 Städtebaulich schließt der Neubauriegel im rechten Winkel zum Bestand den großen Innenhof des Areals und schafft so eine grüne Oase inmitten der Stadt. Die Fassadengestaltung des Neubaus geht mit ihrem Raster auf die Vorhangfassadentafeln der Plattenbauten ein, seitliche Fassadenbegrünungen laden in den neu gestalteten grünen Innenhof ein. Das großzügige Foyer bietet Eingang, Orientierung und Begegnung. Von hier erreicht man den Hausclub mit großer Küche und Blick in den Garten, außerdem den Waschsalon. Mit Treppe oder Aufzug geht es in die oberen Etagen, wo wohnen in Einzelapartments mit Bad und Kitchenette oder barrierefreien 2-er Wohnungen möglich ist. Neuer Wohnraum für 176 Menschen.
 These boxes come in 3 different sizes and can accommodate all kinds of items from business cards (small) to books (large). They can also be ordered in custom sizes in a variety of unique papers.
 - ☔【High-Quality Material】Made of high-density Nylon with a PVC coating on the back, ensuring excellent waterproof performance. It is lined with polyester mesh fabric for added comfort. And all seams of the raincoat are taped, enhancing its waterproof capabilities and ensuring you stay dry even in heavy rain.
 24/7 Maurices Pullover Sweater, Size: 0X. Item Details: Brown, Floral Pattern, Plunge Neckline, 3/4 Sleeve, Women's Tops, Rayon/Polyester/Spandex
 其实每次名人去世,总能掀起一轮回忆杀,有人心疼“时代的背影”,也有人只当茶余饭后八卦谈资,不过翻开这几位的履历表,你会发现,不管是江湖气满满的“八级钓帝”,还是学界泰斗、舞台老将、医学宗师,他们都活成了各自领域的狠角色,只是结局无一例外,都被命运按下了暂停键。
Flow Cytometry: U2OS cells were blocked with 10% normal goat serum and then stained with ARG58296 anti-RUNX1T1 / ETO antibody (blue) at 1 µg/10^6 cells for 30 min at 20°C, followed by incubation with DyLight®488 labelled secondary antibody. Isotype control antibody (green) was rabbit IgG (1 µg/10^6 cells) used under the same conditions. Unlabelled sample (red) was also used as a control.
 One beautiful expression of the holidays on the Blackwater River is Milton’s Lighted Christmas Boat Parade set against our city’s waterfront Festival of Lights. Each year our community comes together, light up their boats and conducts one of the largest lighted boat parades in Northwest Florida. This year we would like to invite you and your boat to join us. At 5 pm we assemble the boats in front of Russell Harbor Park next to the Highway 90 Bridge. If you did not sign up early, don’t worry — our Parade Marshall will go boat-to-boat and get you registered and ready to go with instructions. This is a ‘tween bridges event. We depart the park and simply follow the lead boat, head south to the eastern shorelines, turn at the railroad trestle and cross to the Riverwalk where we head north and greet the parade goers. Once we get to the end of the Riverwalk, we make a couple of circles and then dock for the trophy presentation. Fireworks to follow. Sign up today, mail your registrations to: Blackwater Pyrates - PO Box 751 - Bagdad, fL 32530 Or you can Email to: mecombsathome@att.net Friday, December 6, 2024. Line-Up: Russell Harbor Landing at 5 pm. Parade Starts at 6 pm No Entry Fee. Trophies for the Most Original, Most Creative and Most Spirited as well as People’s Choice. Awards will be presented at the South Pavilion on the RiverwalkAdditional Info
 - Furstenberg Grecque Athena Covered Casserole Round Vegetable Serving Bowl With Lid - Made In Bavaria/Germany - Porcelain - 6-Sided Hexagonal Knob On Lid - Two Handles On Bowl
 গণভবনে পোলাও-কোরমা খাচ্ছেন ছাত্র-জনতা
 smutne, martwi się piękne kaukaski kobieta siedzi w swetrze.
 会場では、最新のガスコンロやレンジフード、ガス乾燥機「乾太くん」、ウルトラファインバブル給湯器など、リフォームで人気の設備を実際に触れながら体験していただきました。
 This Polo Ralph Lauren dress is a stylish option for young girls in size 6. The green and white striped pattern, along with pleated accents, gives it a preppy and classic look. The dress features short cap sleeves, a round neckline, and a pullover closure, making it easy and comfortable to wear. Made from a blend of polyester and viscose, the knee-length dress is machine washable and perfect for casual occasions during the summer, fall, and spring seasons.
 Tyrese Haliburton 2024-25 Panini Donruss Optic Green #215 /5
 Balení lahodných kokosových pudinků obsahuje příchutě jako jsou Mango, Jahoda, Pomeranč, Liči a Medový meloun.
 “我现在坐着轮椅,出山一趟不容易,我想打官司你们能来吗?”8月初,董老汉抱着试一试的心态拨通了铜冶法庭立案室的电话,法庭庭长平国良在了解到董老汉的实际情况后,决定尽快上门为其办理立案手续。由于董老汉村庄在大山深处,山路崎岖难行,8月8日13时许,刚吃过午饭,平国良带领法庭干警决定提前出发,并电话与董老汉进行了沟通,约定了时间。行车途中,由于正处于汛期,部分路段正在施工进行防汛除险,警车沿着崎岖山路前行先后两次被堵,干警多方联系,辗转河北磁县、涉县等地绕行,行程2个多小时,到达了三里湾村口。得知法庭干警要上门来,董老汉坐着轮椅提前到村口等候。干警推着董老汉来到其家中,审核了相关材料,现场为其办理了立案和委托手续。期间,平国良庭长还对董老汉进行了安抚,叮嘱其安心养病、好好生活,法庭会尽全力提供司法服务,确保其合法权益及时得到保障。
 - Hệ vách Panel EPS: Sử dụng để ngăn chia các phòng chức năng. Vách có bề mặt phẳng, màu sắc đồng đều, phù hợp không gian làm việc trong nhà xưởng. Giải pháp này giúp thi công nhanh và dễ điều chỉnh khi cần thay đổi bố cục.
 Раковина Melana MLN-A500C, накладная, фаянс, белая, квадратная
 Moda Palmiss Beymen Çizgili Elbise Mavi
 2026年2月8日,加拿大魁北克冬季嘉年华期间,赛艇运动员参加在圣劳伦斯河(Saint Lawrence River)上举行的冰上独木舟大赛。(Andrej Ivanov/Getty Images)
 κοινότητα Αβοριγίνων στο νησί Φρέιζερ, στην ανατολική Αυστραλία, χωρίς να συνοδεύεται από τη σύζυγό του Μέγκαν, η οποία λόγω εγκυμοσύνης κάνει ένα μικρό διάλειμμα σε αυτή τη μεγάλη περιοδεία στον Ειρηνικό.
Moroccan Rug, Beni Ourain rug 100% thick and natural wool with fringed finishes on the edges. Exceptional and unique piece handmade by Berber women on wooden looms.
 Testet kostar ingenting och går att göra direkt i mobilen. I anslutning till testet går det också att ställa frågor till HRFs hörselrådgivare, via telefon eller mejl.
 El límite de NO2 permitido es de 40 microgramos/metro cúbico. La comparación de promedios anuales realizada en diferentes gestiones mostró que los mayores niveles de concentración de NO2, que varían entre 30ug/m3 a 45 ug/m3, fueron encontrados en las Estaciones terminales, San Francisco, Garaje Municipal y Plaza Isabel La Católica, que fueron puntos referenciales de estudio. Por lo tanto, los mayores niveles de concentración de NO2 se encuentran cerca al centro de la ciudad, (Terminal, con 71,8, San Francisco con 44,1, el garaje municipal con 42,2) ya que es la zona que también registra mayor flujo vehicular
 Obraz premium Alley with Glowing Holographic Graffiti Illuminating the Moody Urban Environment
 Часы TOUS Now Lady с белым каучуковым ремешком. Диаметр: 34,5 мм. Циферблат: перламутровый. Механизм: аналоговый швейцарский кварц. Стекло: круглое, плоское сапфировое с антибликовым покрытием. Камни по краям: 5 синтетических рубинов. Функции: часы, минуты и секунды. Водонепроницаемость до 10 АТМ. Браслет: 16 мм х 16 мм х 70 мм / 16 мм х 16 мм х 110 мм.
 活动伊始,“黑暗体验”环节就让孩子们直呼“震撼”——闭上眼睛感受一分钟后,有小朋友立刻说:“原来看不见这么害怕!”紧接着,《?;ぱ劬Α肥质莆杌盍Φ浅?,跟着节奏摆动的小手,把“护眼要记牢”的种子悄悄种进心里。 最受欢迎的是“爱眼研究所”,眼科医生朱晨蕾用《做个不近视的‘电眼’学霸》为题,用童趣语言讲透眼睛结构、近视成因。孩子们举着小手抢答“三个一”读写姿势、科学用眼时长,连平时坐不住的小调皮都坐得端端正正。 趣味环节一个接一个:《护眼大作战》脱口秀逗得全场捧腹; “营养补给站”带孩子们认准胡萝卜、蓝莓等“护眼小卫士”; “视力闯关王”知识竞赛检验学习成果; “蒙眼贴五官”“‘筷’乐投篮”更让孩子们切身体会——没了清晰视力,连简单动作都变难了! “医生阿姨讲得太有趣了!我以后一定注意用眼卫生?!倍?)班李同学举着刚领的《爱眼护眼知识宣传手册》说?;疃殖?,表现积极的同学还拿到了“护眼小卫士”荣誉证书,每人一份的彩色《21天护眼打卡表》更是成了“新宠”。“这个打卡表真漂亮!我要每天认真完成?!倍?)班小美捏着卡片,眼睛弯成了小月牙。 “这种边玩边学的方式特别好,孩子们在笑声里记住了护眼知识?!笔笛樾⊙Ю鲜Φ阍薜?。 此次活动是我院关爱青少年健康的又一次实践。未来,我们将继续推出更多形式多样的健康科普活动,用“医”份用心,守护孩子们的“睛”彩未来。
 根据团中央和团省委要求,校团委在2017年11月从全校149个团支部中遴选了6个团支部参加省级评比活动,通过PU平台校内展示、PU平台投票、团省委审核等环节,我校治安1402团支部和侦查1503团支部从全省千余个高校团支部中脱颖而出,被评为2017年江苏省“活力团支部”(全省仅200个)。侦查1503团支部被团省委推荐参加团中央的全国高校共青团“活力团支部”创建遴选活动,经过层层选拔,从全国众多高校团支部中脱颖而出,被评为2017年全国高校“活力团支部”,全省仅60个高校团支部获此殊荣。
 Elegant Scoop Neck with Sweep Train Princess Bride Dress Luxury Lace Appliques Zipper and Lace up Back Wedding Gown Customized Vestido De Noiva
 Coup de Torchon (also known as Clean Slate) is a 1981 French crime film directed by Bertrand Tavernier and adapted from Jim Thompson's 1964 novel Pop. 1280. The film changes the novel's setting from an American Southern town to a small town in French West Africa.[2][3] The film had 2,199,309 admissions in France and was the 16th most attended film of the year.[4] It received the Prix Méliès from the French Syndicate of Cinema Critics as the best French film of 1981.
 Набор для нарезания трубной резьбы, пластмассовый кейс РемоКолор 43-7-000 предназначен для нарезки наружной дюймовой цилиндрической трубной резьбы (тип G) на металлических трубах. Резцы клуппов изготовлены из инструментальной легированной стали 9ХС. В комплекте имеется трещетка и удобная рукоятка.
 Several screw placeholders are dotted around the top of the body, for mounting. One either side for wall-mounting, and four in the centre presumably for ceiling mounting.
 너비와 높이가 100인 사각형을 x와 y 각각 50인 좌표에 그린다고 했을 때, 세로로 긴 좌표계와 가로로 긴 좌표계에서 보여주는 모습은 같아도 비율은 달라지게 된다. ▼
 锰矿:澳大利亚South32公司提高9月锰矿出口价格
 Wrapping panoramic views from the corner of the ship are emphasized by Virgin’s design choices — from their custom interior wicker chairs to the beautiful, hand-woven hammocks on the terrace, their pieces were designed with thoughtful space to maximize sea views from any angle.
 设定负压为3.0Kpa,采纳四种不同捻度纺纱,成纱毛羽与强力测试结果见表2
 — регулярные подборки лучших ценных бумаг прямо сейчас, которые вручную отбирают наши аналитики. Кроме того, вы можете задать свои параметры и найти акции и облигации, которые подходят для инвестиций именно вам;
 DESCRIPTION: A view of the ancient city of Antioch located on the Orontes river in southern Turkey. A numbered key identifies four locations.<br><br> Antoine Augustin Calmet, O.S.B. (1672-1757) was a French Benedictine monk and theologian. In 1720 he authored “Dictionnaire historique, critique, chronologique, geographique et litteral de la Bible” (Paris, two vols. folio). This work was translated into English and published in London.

####

» **EXERCISE DIRECTIONS**
Within the listing above, locate the line containing "River)上举行的冰上独木舟大赛。(Andrej Ivanov/Getty Images)" and the line containing "Testet kostar ingenting". Reproduce those two lines and all lines between them exactly, with nothing added.

» **YOUR RESPONSE**
 2026年2月8日,加拿大魁北克冬季嘉年华期间,赛艇运动员参加在圣劳伦斯河(Saint Lawrence River)上举行的冰上独木舟大赛。(Andrej Ivanov/Getty Images)
 κοινότητα Αβοριγίνων στο νησί Φρέιζερ, στην ανατολική Αυστραλία, χωρίς να συνοδεύεται από τη σύζυγό του Μέγκαν, η οποία λόγω εγκυμοσύνης κάνει ένα μικρό διάλειμμα σε αυτή τη μεγάλη περιοδεία στον Ειρηνικό.
Moroccan Rug, Beni Ourain rug 100% thick and natural wool with fringed finishes on the edges. Exceptional and unique piece handmade by Berber women on wooden looms.
 Testet kostar ingenting och går att göra direkt i mobilen. I anslutning till testet går det också att ställa frågor till HRFs hörselrådgivare, via telefon eller mejl.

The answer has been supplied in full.